I wanted to find someone or some info on Using a sailboat to do this cruise.
I rrealize that not MUCH actual sailing is done on the rivers/canals.
How about those parts on the Great Lakes ?
There is an Org that only blogs about the Loop.
However not much info on sailing and sailboats.


----------



## Cruisingdad (Jul 21, 2006)

Just drop your mast where it is low clearance. Sail the rest of the way. Seems like my dad's Tayana 42 came down from the lakes that way... mast was shipped seperate though IIRC, not put on the boat. He then stepped it in Pensacola and sailed across the gulf to SW FL.

Brian


----------



## cb32863 (Oct 5, 2009)

IIRC You can sail the entire great lakes without dropping your mast. There is thread here that discusses getting through to the Atlantic via the great lakes. Though you are going pretty far north at that point..... not sure your preferences on that.


----------



## PorFin (Sep 10, 2007)

Omaho,

We've done the loop in our Vagabond 39. You'll need to drop the mast to go through the Erie Canal.

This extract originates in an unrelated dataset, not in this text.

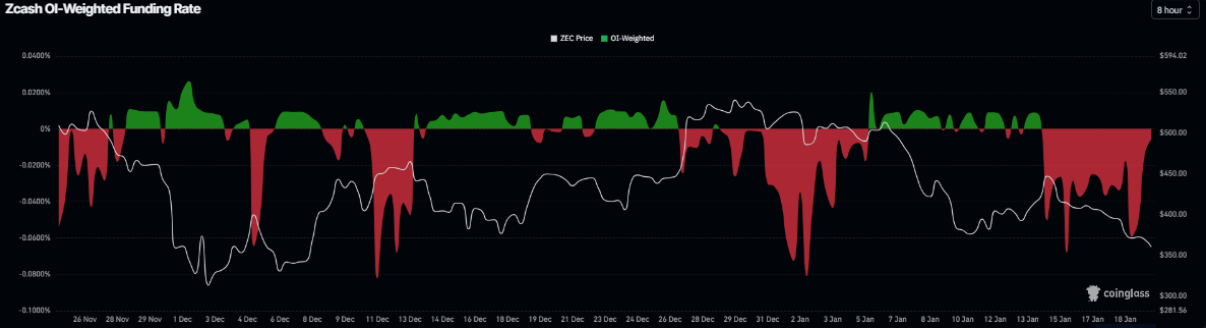 Trên thị trường phái sinh, các tín hiệu giảm giá tiếp tục được củng cố. Theo chỉ số OI-Weighted Funding Rate từ Coinglass, số lượng trader đặt cược vào kịch bản giá Zcash đi xuống hiện vượt trội so với những người kỳ vọng xu hướng tăng. Funding rate đã chuyển sang vùng âm và giảm xuống mức -0,0057% vào thứ Ba, cho thấy các vị thế bán (Short) đang chi trả phí cho các vị thế mua (Long) — một dấu hiệu điển hình của tâm lý bi quan đang chi phối thị trường ZEC.

You'll also need the mast down to get off of Lake Michigan at Chicago (either downtown or through the Cal-Sag).

Depending on your mast height, you may want to leave it down until you get all the way down the inland rivers and restep it in/around Mobile. 

I'd be happy to field questions. 

We had a running discussion over on Anything Sailing this summer on various topics related to our passage -- you might want to search there as well.


----------